I’d like to run multiqc on all samples whether there’s RNA data available or otherwise.

I’ve following code:

  ch_fastp_normal = Channel.of(
    [ [batch:'SEMA-MM-001', timepoint:'MM-0486-T-01', tissue:'normal', sequencing_type:'wes'], 
    tuple( file('normal_wes_fastq1.gz'),file('normal_wes_fastq2.gz')),file('1_normal.html'),file('1_normal.json') ],
    [ [batch:'SEMA-MM-001', timepoint:'MM-0487-T-01', tissue:'normal', sequencing_type:'wes'], 
    tuple( file('normal_wes_fastq1.gz'),file('normal_wes_fastq2.gz')),file('1_normal.html'),file('1_normal.json') ]
)

ch_fastp_tumor = Channel.of(
    [ [batch:'SEMA-MM-001', timepoint:'MM-0486-T-01', tissue:'tumor', sequencing_type:'wes'], 
    tuple( file('tumor_wes_fastq1.gz'),file('tumor_wes_fastq2.gz')),file('1_tumor.html'),file('1_tumor.json') ],
    [ [batch:'SEMA-MM-001', timepoint:'MM-0487-T-01', tissue:'tumor', sequencing_type:'wes'], 
    tuple( file('tumor_wes_fastq1.gz'),file('tumor_wes_fastq2.gz')),file('1_tumor.html'),file('1_tumor.json') ]
)

ch_rna_fastp_tumor = Channel.of(
    [ [batch:'SEMA-MM-001', timepoint:'MM-0486-T-01', tissue:'rna', sequencing_type:'wes'], 
    tuple( file('rna_fastq1.gz'),file('rna_fastq2.gz')),file('1_rna.html'),file('1_rna.json') ]
)

  ch_fastp_normal.map{meta,reads_fq,html,json->["${meta.timepoint}", meta,reads_fq,html,json]}
  .join(ch_fastp_tumor.map{meta3,reads_fq3,html3,json3->["${meta3.timepoint}", meta3,reads_fq3,html3,json3]})
  .join(ch_rna_fastp_tumor.map{meta2,reads_fq2,html2,json2->["${meta2.timepoint}", meta2,reads_fq2,html2,json2]}, failOnMismatch:false, failOnDuplicate:true)
  .view()

  ch_fastp_normal.map{meta,reads_fq,html,json->["${meta.timepoint}", meta,reads_fq,html,json]}
  .join(ch_fastp_tumor.map{meta3,reads_fq3,html3,json3->["${meta3.timepoint}", meta3,reads_fq3,html3,json3]})
  .join(ch_rna_fastp_tumor.map{meta2,reads_fq2,html2,json2->["${meta2.timepoint}", meta2,reads_fq2,html2,json2]}, failOnMismatch:false, failOnDuplicate:true)
  .groupTuple()
.multiMap { pid, meta1, reads_fq,html,json, meta3, reads_fq3,html3,json3,meta2, reads_fq2,html2,json2->
   normal_fastp: [ meta1[0], reads_fq,html,json ] 
    tumor_fastp: [ meta3[0], reads_fq3,html3,json3,meta2]
    rna_fastp: [ meta2[0], reads_fq2,html2,json2]
    }
	.set { ch_merged_fastp }
    ch_merged_fastp.normal_fastp.view()

I do join but sample MM-0487-T-01 is left out.

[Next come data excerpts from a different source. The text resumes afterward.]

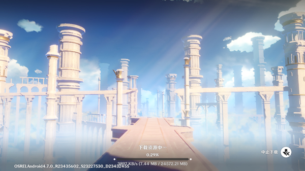 3、点屏幕开始游戏。要是第一次玩,得先下载一个24G的数据包,耐心等着吧。下载完,捏个脸,就能正式进游戏了。下载界面长这样。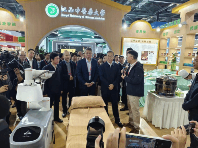 在江西中医药大学展区,孙洪山详细听取了学校在中医药传承创新发展方面的工作汇报,重点考察了热敏灸机器人和药膳等成果。孙洪山对学校服务我省银发经济发展的贡献给予充分肯定,并鼓励学校充分发挥中医药的优势,积极推动科技成果转化为适老化、可推广的民生服务产品,切实满足老年人多样化、多层次、高品质的养老服务需求,为加快推动银发经济高质量发展贡献高校力量。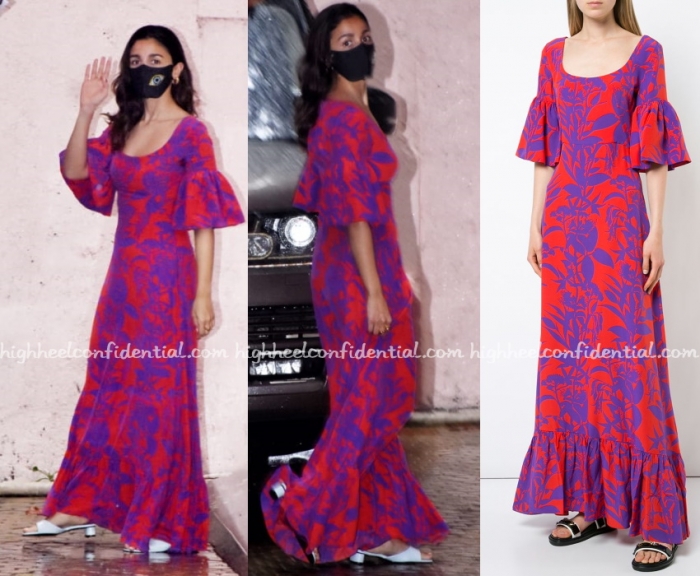 Alia was spotted a few weeks ago out and about wearing a printed floral maxi from Borgo De Nor with white slip on flats. She looked nice.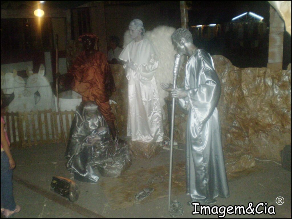 “A ideia é fazer um presépio parecido com os que existem em miniatura, só que com estátuas vivas, é uma apresentação onde temos performance do nascimento do cristo, encontro do anjo com os reis magos, com os pastores e o ápice é a formação do presépio”, explica a diretora.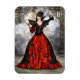 3D digital render of a beautiful female wizard in a red and black dress with wings on a fantasy spooky castle background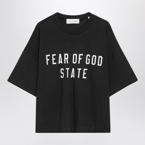 Crewneck t-shirt by fear of god essential in black cotton, featuring contrasting front logo print, logo patch on the back, wide short sleeves and straight hem. size and fit - model wears size s model measurements: height: 182 cm chest: 79 cm waist: 62 cm hips: 90 cm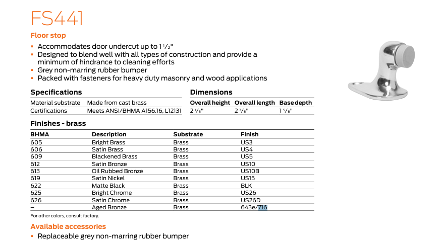 With a full line of wall bumpers, wall holders, kick down holders and hinge pin stops, Ives products are designed to ensure that doors will not slam into the wall. These accessories are typically found on doors without an overhead stop or holder.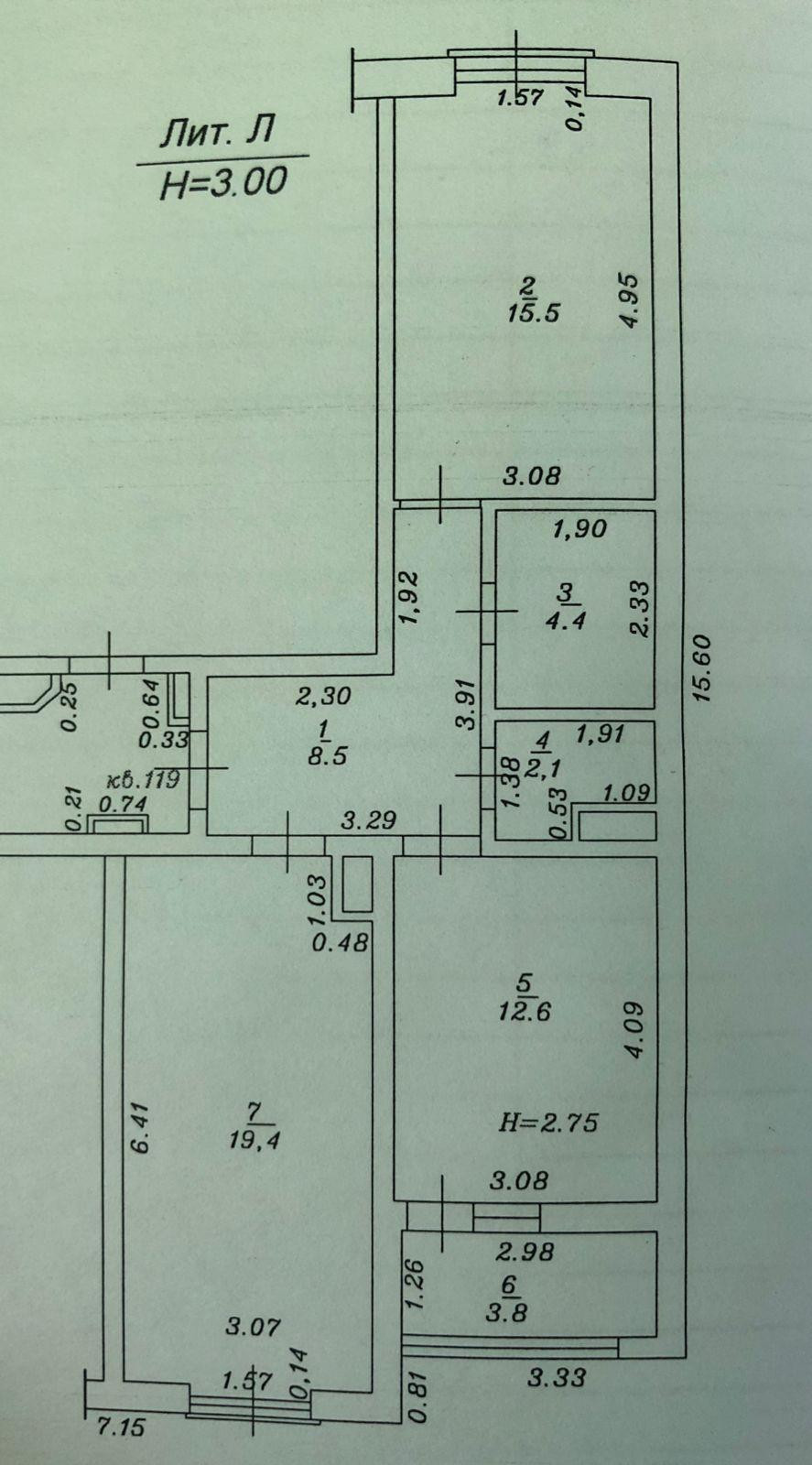 Высота потолков 2.75 м

My multiqc code would be as:

multiqc sample_name/RNA/primary/fastp/tumor/ \
 sample_name/RNA/primary/star_align/ \
  sample_name/WES/primary/fastp/tumor/ \
  sample_name/WES/primary/fastp/normal/ \
sample_name/WES/primary/applybqsr/tumor/ \
  sample_name/WES/primary/applybqsr/normal/ \
  --zip-data-dir  --config config_multiqc.yaml --force

I do not know how do write code that performs a full outer join and encompasses all samples. Or, how to write a conditional code in nextflow so it checks if RNA data are unavailable that variable is excluded.

jmichaelegana · June 2, 2024, 8:09am

Have you tried using the remainder option set to true? See Operators — Nextflow documentation

complexgenome · June 5, 2024, 7:04pm

@jmichaelegana Great, it works.
However, now I’m stuck at multiMap step.

I’m unable to assign such massive join in multiMap.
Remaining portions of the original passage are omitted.